Now for the bad news. There are troubling signs that vaccine uptake rates have already begun to stagnate, signaling the dropoff in demand that some experts predicted

Changing the minds of COVID vaccine holdouts and skeptics is essential to resuming our everyday lives — and the right public health messaging is essential to turning the tide. 

Civis Analytics has studied COVID-19 vaccine messaging in the recent past: click here for our 2020 national study, and here for our 2021 employer-specific study. But we know perceptions and beliefs change over time, so we partnered with Made to Save (a national grassroots effort to ensure communities hit hardest by the pandemic have access to the COVID-19 vaccines and accurate, timely information) to generate ideas for vaccine message frameworks to test, and shared our findings on the recent live webinar Best Practices in Data-Driven COVID-19 Campaigns.
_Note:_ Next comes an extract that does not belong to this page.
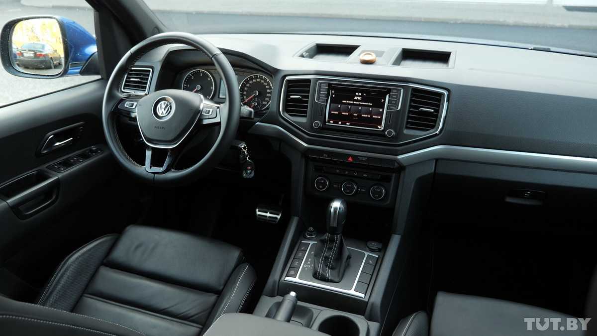 Но больше всего на легковой автомобиль пикап Volkswagen Amarok похож своим салоном. Новая форма передней панели, более строгие прямоугольные дефлекторы вентиляции, новый руль (как на самых современных моделях Volkswagen). Для водителя – и вовсе благо: красивые приборы с цветным дисплеем бортового компьютера, кресло ergoComfort (два передних сиденья) с развитой боковой поддержкой и выдвижным валиком поддержки ног. Да и в целом – хорошая удобная посадка «ноги-руки-руль-спина», масса отсеков и полочек для мелких вещей. Но сзади все не так хорошо, причем не спасает даже отличная кожа: вся беда – в слишком вертикальной посадке. А ведь современные соперники порой предлагают больший наклон спинки и более «легковую» посадку. Хотя по ширине салона, запасу места для коленей или над головой замечаний нет – места много. Багажник? Нет, здесь просто кузов.

Between April 28 and May 3, 2021, Civis tested distinct message themes in an online randomized controlled trial of 4,215 American adults who are most likely to be uncertain about vaccination. Each participant is a member of one or more of the following “likely to be uncertain” demographic groups:

  • Black Americans
  • Latino/a Americans
  • Americans without a college degree
  • Americans under the age of 50
  • Americans making less than $50K/year
  • Republicans

We tested six messages in all, each with a different reason for why vaccination is important, and all with the same main thrust: You should get vaccinated. Participants viewed one of the following:

  • “Vaccine Safety” highlighted the safety of the COVID-19 vaccines: the rigorous FDA process that was followed, the diversity of clinical trial participants, and the rarity of serious side effects. 
  • “Getting Back to Normal” emphasized the daily activities that vaccinated individuals can enjoy, and highlighted experiences that may be off-limits to non-vaccinated individuals, such as concerts and international travel. 
  • “Personal Story” told the tale of a healthy, 30-year-old woman’s battle with COVID, recounting her fear of long-term effects and inability to resume activities like running.  
  • “Scary COVID Statistics” focused on the dangers of COVID (even for young adults), and the vaccine’s potential to stop these statistics from rising. 
  • “Patriotism” positioned the vaccines as an example of American ingenuity, trumpeting vaccination as the ultimate expression of freedom, liberty, and country. 
  • “Personal Decision” emphasized that it’s normal to have questions about the vaccine, encouraged skeptics to learn more, and positioned vaccination as a person’s individual choice. 
  • The final group (the control group) saw no message.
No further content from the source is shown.